* **Aim of the task**: Find "The kitchen radiates" in the material, then return exactly the line containing it and all lines after it to the end, leaving out pictures.
━━ Provided material ━━
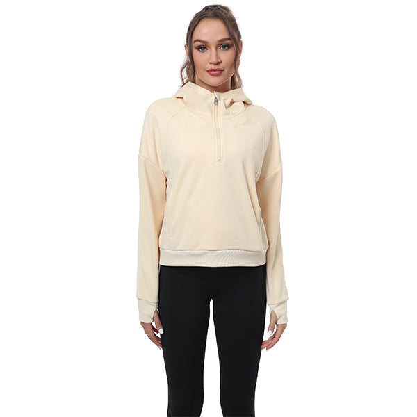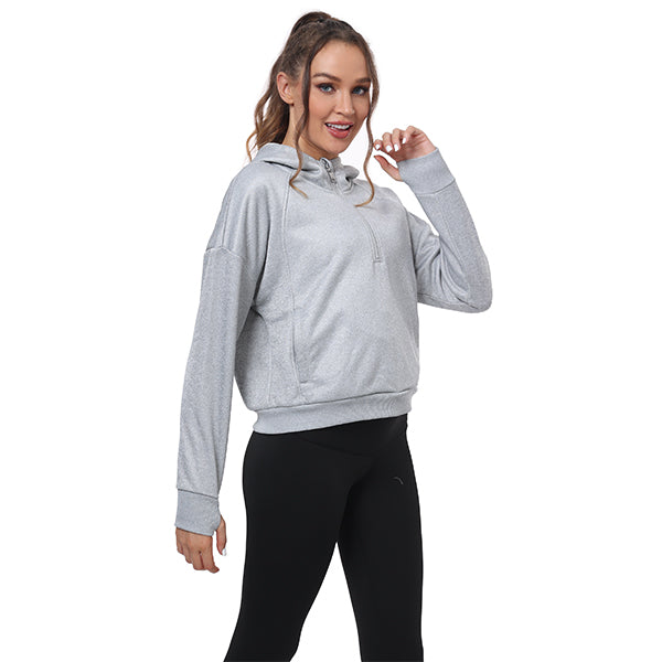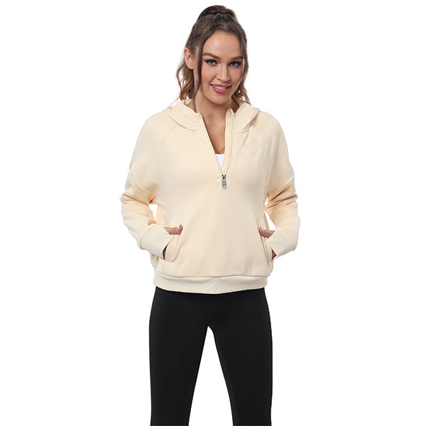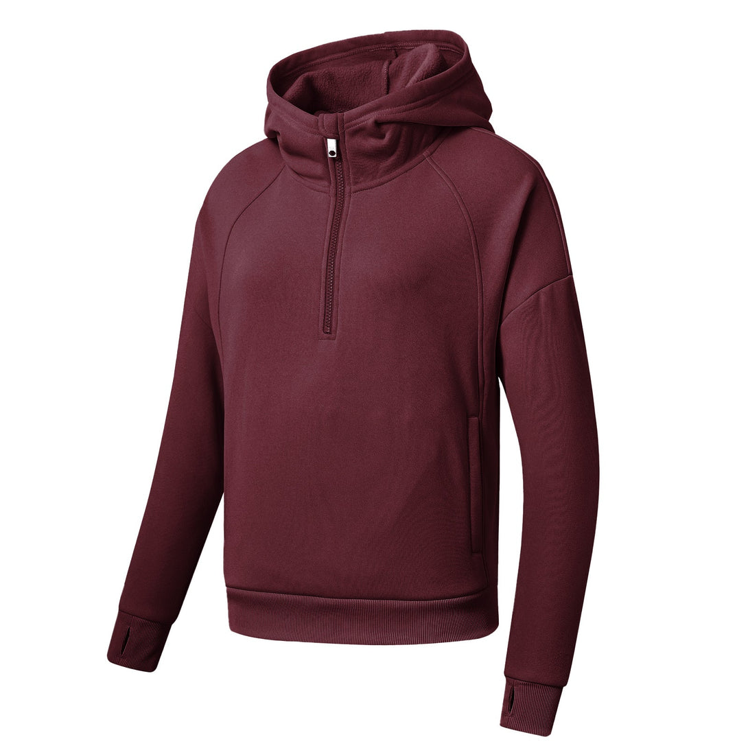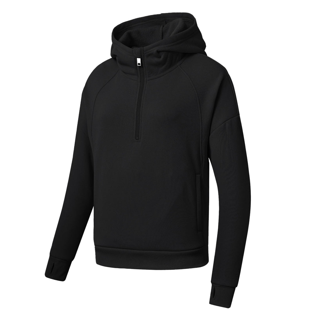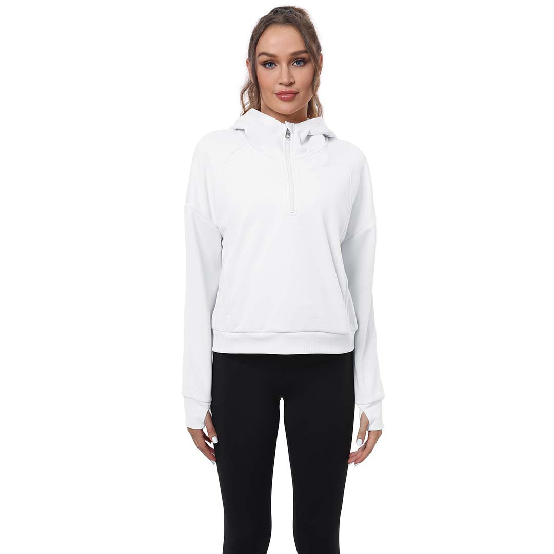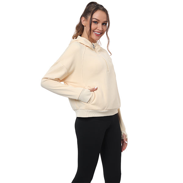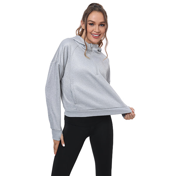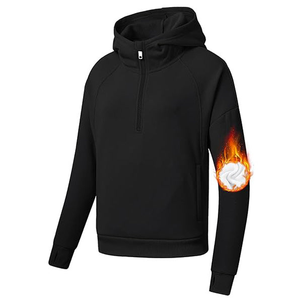 Athletic workout hoodies,women pullover sweatshirt,long sleeve with thumb hole ,1/2 zip up collar, solid color,cropped length,stand collar,fleece lined,2 insert pockets,relaxed fit,crop top
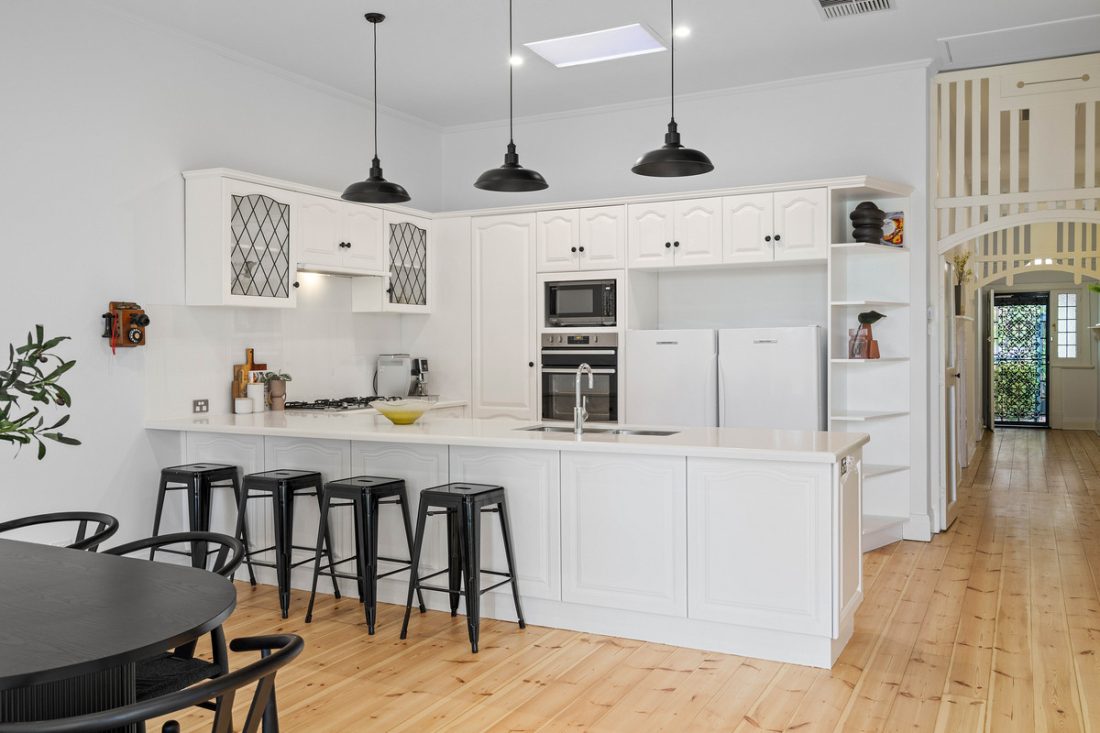 The kitchen radiates country charm with white cabinetry, black handles, stone benchtops, and stainless steel appliances – a delightful setting for culinary creations and casual dining alike.
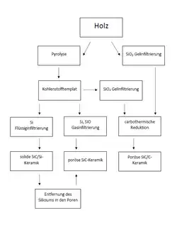 - ↑ a b c d e f g h J. Ramirez-Rico, J. Martinez-Fernandez, M. Singh: Biomorphic ceramics from wood-derived precursors. In: International Materials Reviews. Band 62, Nr. 8, 2017, S. 465–485.
━━━
* **Solution**:
 The kitchen radiates country charm with white cabinetry, black handles, stone benchtops, and stainless steel appliances – a delightful setting for culinary creations and casual dining alike.
 - ↑ a b c d e f g h J. Ramirez-Rico, J. Martinez-Fernandez, M. Singh: Biomorphic ceramics from wood-derived precursors. In: International Materials Reviews. Band 62, Nr. 8, 2017, S. 465–485.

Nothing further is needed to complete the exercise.